Problem statement: The material below holds the lines to copy: from the one with "看到打勾默认在中国那里,点击下一步" up to and including the one with "此次,汉DM-i长续航版共推". Copy them exactly and skip the pictures.

Provided data:

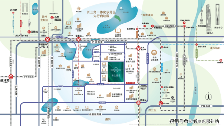 交通方面,项目门口即是 浦港路后期工程,未来往东直通上海青浦,往南到达浙江嘉善;距 上海G50(沪渝)高速出入口仅500米;距离项目不远的 苏州南站将在2024年建成通车,约25分钟穿越至上海虹桥。
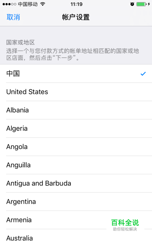 看到打勾默认在中国那里,点击下一步
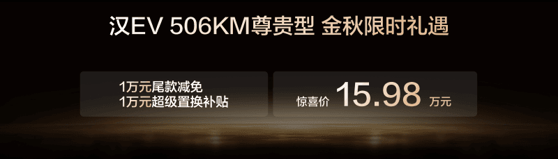此次,汉DM-i长续航版共推出4款车型,补贴后售价15.98万~18.98万元;汉EV长续航版共推出3款车型,补贴后售价17.38万~20.58万元(10月31日前完成订车可享1万元超级置换补贴)。同时,比亚迪还为用户准备了包含置换补贴在内的至高价值3.8万元七大礼遇。
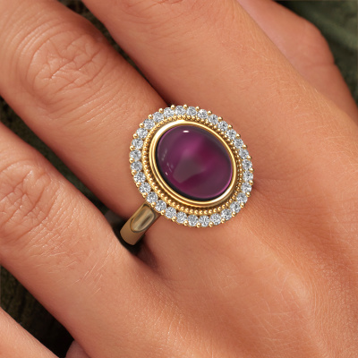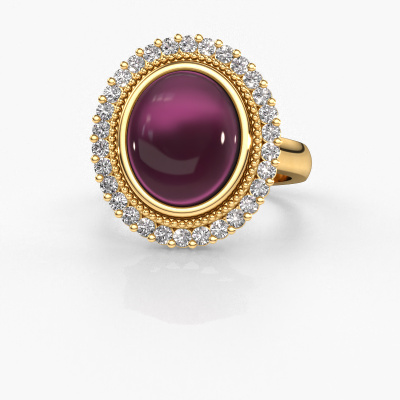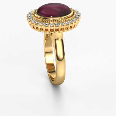 In diesem Foto ist der Gold Mila Ring mit einem 12x10 mm oval cabochon Rhodolit besetzt. Cabochon bedeutet, dass ein Rhodolit zuerst geformt, nicht facettiert wird. Nämlich in eine bestimmte Form wie einen Tropfen, ein Herz oder ein oval cabochon. Anschließend wird er poliert, bis der Edelstein eine Runde Oberfläche hat. Ein Cabochon-Edelstein ist ein atemberaubender, nobler Blickfang, der perfekt zu einem zeitgenössischen wie auch zu einem Vintage-Stil passt. Unsere erfahrenen Goldschmiede formen den Cluster Ring bis zur Perfektion und machen ihn einzigartig. Der Cabochon Rhodolit ist so gefasst, dass seine einzigartigen Qualitäten verstärkt werden. Unsere Goldschmiede kreieren Ihren individuellen Ring leidenschaftlich, mit größter Sorgfalt und nach Ihren Wünschen. Das Gold Ring, wie hier abgebildet, kann mit unserem Online-Tool individuell angepasst werden. Bitte fragen Sie unsere Schmuckdesigner um Hilfe, wenn Sie Änderungen wünsche, die in unserem Online-Tool nicht verfügbar sind. Gerne beantworten wir Ihnen alle offenen Fragen.Durch die Kombination modernster Technik mit uralter Handwerkskunst können wir alle Ringe in unserem eigenen Studio anfertigen. Jedes Schmuckstück wird auf Anfrage gefertigt. Das ist vorteilhaft, weil wir Ihnen dadurch einen Preis anbieten können, den Sie nirgendwo anders finden.Um es einfacher zu machen, bieten wir eine kostenlose 30-tägige Rücksendung.

Response:
 看到打勾默认在中国那里,点击下一步
此次,汉DM-i长续航版共推出4款车型,补贴后售价15.98万~18.98万元;汉EV长续航版共推出3款车型,补贴后售价17.38万~20.58万元(10月31日前完成订车可享1万元超级置换补贴)。同时,比亚迪还为用户准备了包含置换补贴在内的至高价值3.8万元七大礼遇。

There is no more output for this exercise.